→ **Records from a collection**

BEGIN

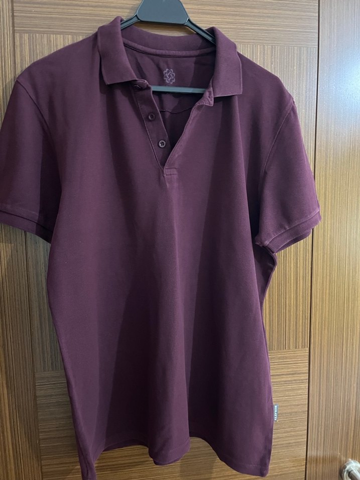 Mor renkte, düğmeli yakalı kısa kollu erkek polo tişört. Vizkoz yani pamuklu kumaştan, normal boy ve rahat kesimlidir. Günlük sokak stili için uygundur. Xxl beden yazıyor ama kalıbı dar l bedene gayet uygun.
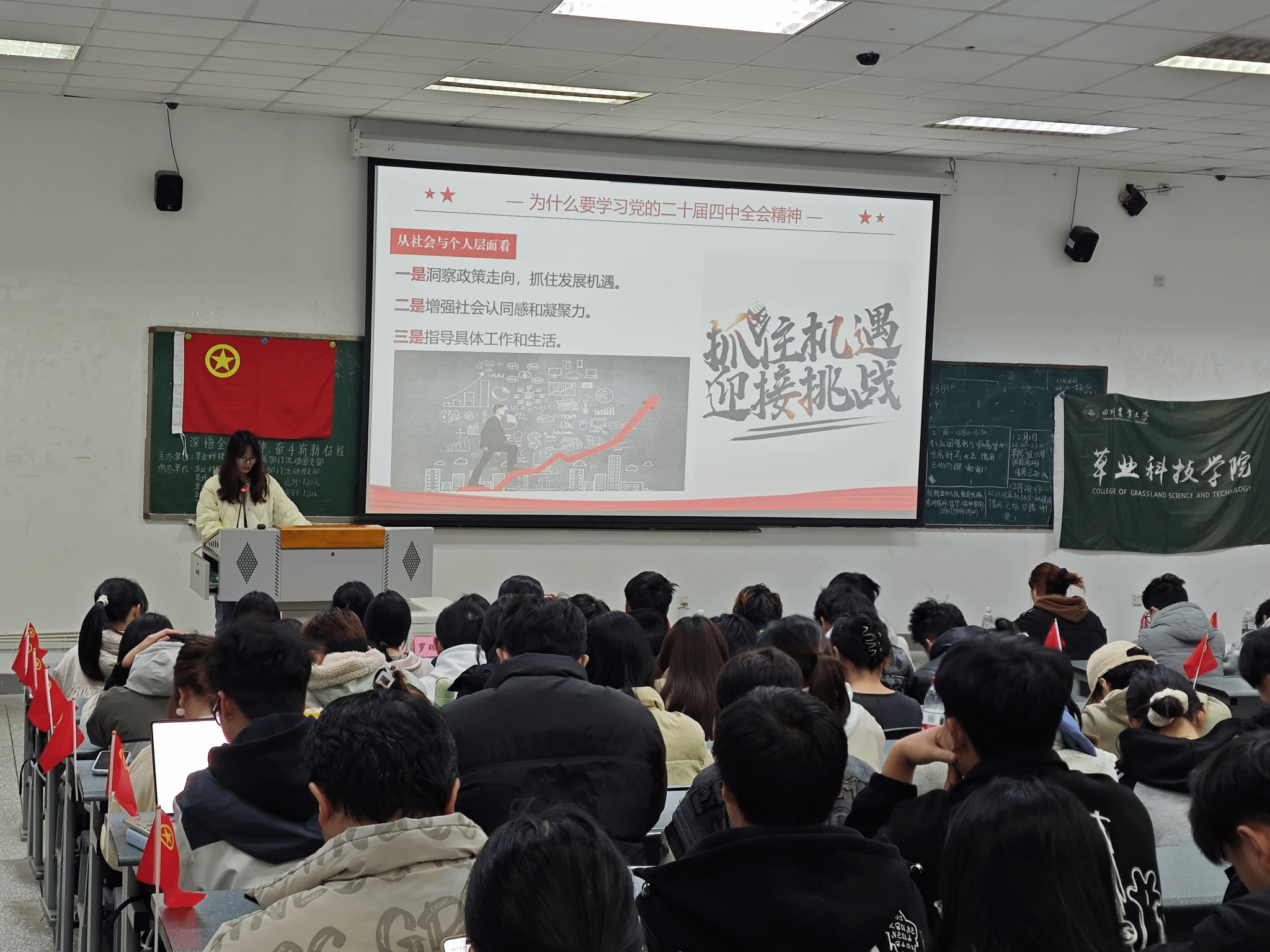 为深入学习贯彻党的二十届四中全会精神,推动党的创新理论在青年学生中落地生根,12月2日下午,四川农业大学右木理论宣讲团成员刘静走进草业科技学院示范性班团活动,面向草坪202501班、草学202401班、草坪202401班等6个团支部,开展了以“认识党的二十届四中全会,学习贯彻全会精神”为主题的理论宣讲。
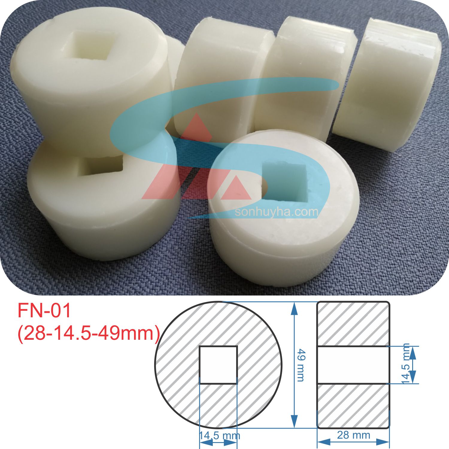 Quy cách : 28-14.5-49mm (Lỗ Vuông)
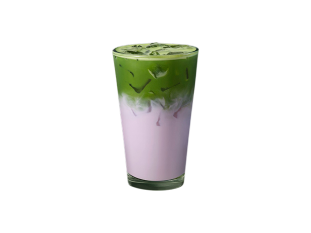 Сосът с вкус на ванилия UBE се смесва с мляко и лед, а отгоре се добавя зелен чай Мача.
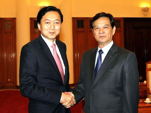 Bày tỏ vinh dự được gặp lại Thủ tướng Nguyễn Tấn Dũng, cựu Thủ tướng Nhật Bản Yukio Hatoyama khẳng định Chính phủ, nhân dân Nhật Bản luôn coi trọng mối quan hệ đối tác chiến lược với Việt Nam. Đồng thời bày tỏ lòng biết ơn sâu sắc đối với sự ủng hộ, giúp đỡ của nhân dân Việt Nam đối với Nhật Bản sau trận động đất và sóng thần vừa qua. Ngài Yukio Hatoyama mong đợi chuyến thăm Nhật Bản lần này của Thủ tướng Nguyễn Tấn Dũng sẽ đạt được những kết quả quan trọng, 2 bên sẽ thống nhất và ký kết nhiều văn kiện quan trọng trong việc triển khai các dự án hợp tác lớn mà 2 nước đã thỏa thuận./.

END
BEGIN

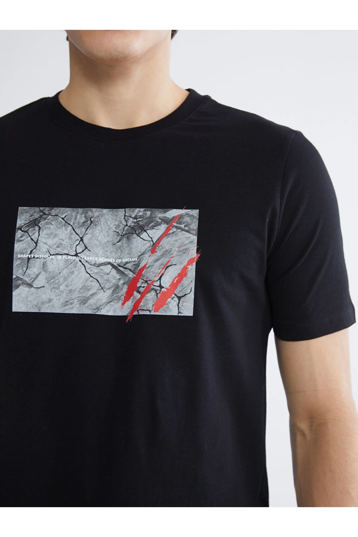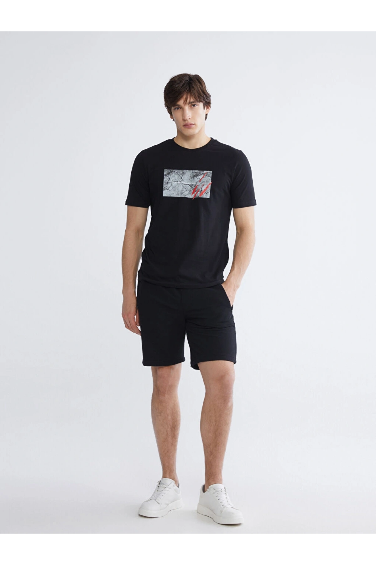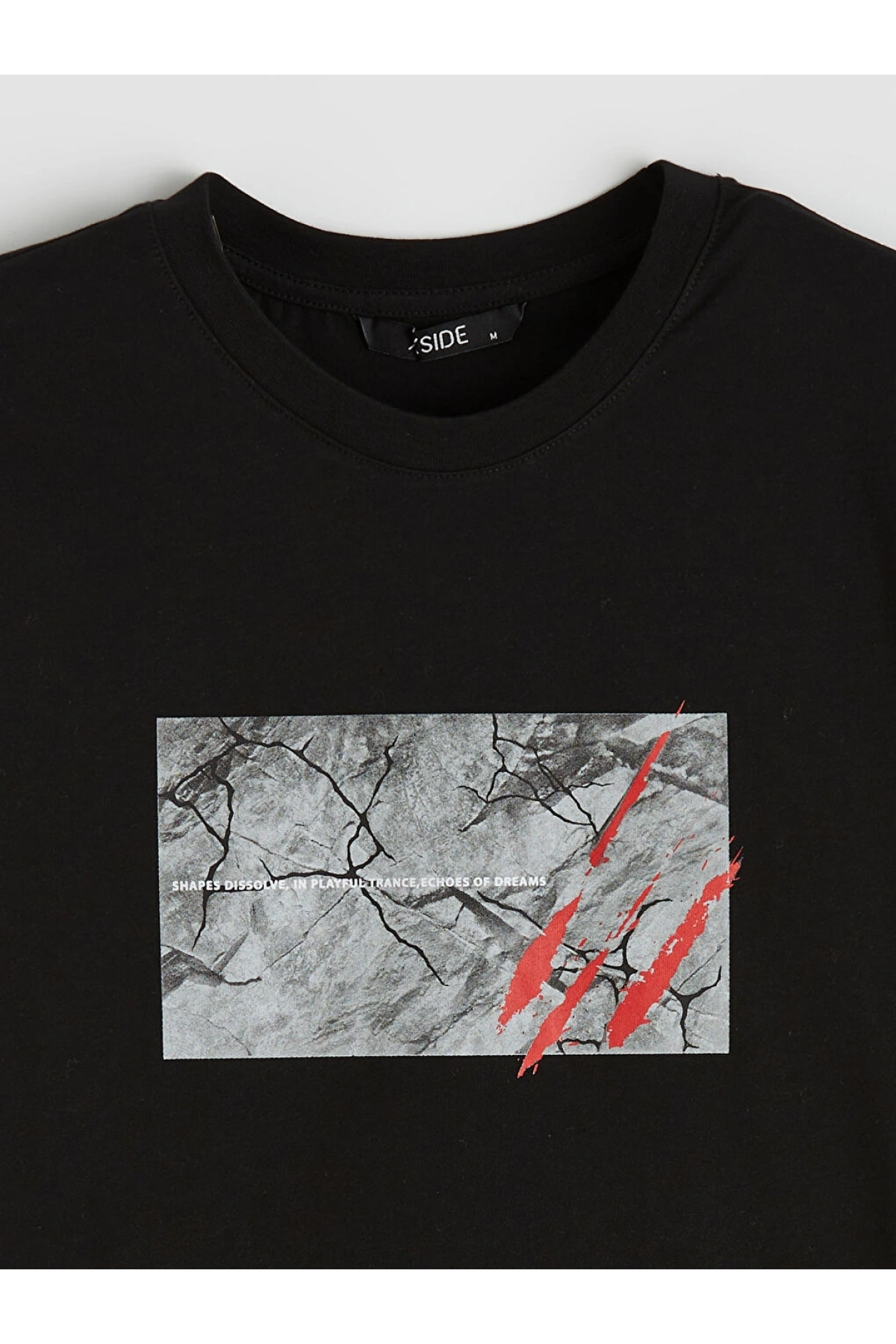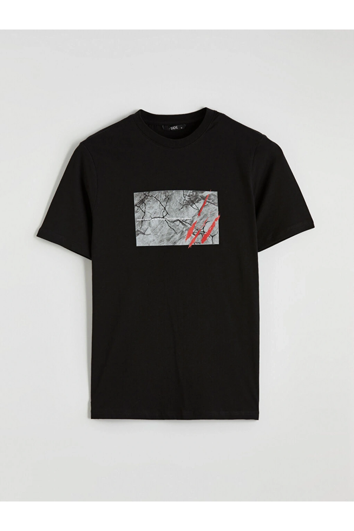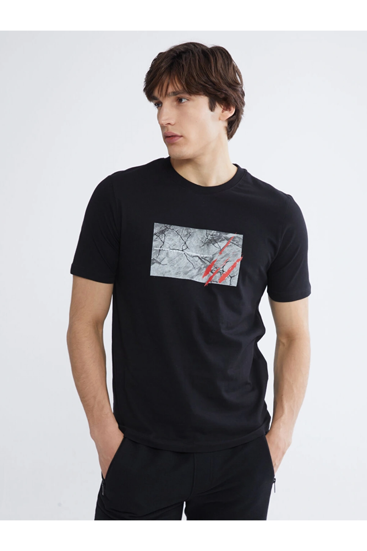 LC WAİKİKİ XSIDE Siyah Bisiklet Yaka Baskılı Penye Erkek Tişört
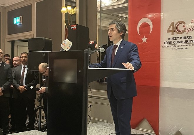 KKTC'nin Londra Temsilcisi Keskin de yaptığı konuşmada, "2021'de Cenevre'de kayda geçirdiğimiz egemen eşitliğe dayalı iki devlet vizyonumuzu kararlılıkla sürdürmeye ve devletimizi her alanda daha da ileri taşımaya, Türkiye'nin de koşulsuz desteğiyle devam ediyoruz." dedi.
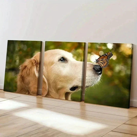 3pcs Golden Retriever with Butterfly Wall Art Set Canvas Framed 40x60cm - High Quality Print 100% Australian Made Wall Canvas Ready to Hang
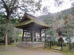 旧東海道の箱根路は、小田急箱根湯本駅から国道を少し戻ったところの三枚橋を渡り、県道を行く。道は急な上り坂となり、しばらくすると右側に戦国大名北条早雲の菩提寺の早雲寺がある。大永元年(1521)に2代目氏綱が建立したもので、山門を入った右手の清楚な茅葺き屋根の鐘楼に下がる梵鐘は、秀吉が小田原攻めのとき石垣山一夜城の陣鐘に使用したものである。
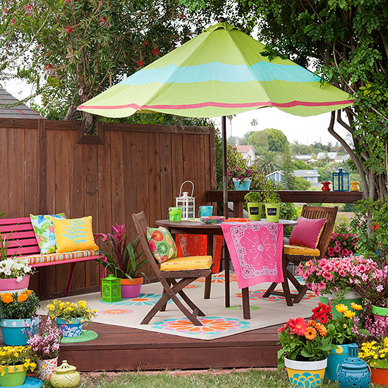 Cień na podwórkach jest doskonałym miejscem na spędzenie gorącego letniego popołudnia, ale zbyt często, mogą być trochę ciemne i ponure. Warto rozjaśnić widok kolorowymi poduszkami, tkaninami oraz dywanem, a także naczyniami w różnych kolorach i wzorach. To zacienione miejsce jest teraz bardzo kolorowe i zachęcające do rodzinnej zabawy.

END

→ **TASK ITEM**
Start with the line above containing "为深入学习贯彻党的二十届四中" and end with the line containing "Bày tỏ vinh". Set down that stretch exactly, without any pictures.

→ **EXERCISE SOLUTION**
 为深入学习贯彻党的二十届四中全会精神,推动党的创新理论在青年学生中落地生根,12月2日下午,四川农业大学右木理论宣讲团成员刘静走进草业科技学院示范性班团活动,面向草坪202501班、草学202401班、草坪202401班等6个团支部,开展了以“认识党的二十届四中全会,学习贯彻全会精神”为主题的理论宣讲。
 Quy cách : 28-14.5-49mm (Lỗ Vuông)
 Сосът с вкус на ванилия UBE се смесва с мляко и лед, а отгоре се добавя зелен чай Мача.
 Bày tỏ vinh dự được gặp lại Thủ tướng Nguyễn Tấn Dũng, cựu Thủ tướng Nhật Bản Yukio Hatoyama khẳng định Chính phủ, nhân dân Nhật Bản luôn coi trọng mối quan hệ đối tác chiến lược với Việt Nam. Đồng thời bày tỏ lòng biết ơn sâu sắc đối với sự ủng hộ, giúp đỡ của nhân dân Việt Nam đối với Nhật Bản sau trận động đất và sóng thần vừa qua. Ngài Yukio Hatoyama mong đợi chuyến thăm Nhật Bản lần này của Thủ tướng Nguyễn Tấn Dũng sẽ đạt được những kết quả quan trọng, 2 bên sẽ thống nhất và ký kết nhiều văn kiện quan trọng trong việc triển khai các dự án hợp tác lớn mà 2 nước đã thỏa thuận./.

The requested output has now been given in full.